Data for analysis:
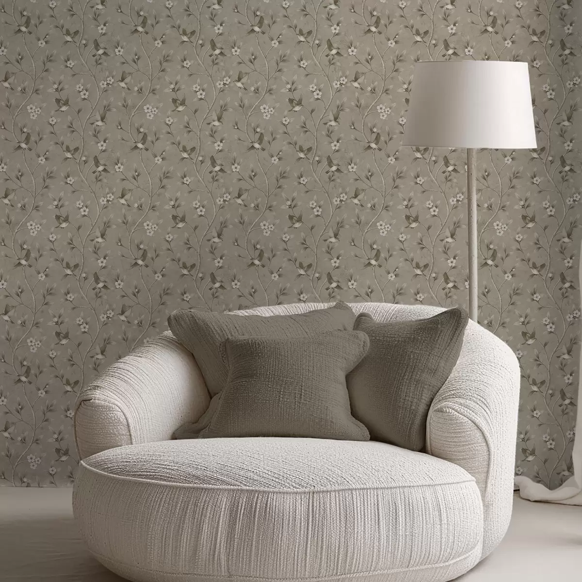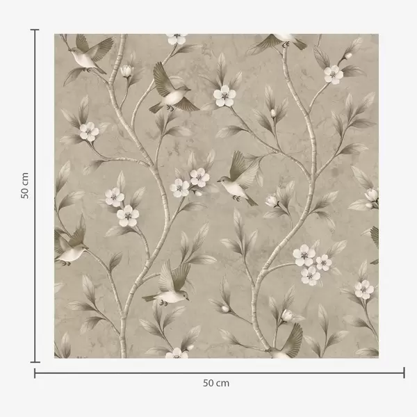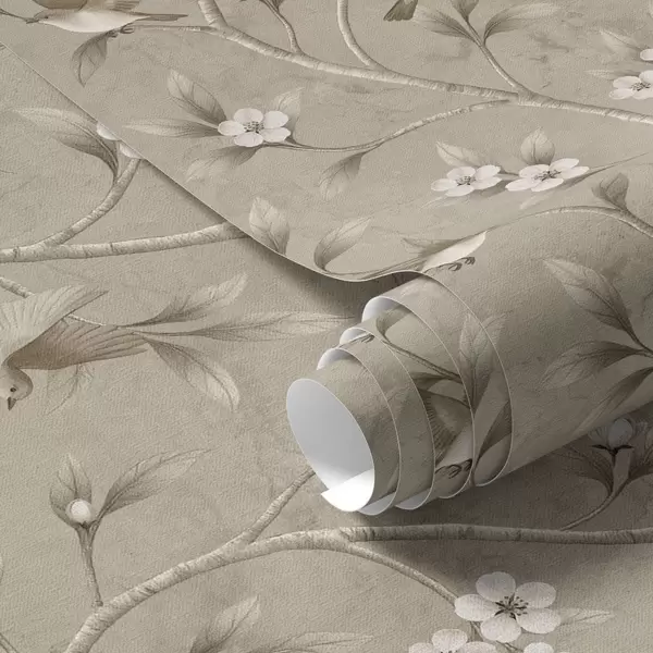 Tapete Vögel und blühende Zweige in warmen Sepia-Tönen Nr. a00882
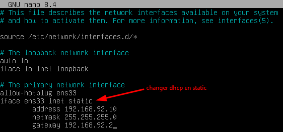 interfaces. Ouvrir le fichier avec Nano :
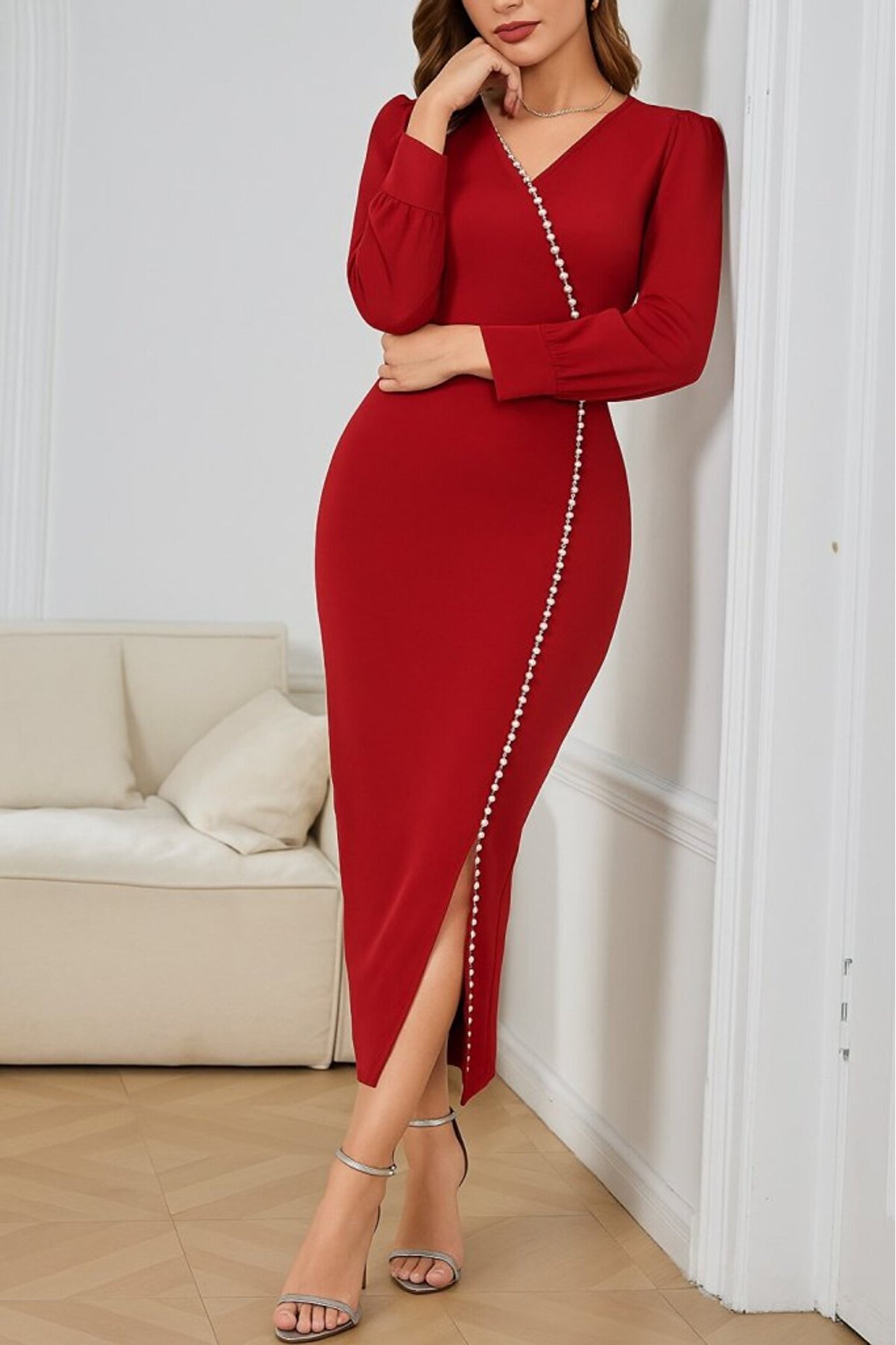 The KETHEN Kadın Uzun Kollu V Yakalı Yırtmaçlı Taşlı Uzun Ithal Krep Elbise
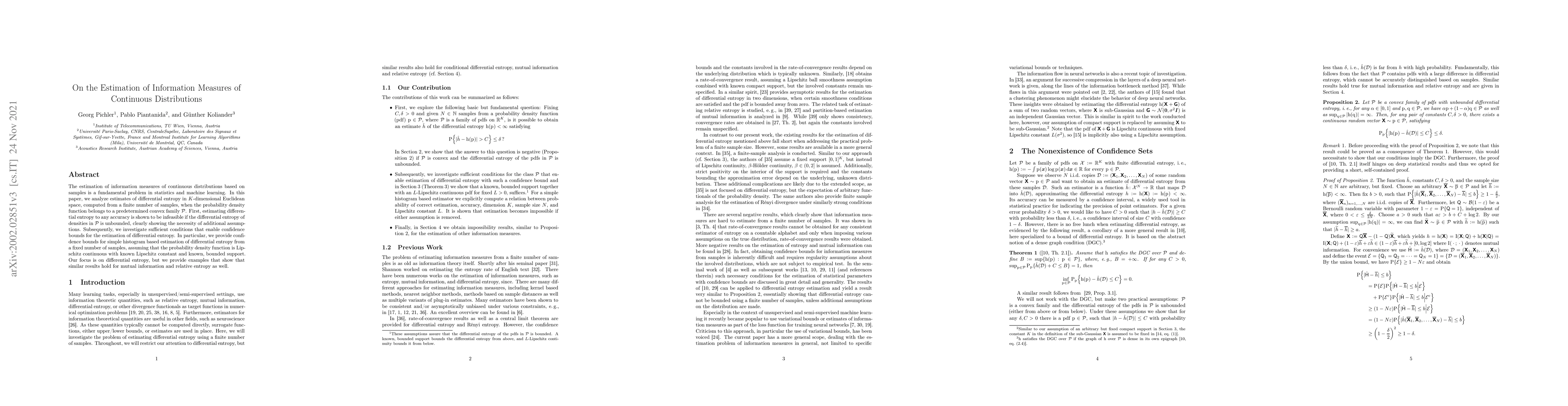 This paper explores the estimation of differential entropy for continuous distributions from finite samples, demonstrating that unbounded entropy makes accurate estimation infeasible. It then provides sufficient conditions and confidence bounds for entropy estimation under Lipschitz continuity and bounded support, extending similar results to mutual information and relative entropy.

...

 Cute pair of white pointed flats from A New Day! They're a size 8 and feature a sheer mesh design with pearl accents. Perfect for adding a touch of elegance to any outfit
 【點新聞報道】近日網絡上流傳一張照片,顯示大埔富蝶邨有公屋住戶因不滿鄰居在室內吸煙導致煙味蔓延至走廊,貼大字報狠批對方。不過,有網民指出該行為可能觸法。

Description of the task: Lines from the one above containing "Tapete Vögel und" down to the one containing "This paper explores" should be transcribed exactly, with both ends kept and no pictures.

Expected answer:
 Tapete Vögel und blühende Zweige in warmen Sepia-Tönen Nr. a00882
 interfaces. Ouvrir le fichier avec Nano :
 The KETHEN Kadın Uzun Kollu V Yakalı Yırtmaçlı Taşlı Uzun Ithal Krep Elbise
 This paper explores the estimation of differential entropy for continuous distributions from finite samples, demonstrating that unbounded entropy makes accurate estimation infeasible. It then provides sufficient conditions and confidence bounds for entropy estimation under Lipschitz continuity and bounded support, extending similar results to mutual information and relative entropy.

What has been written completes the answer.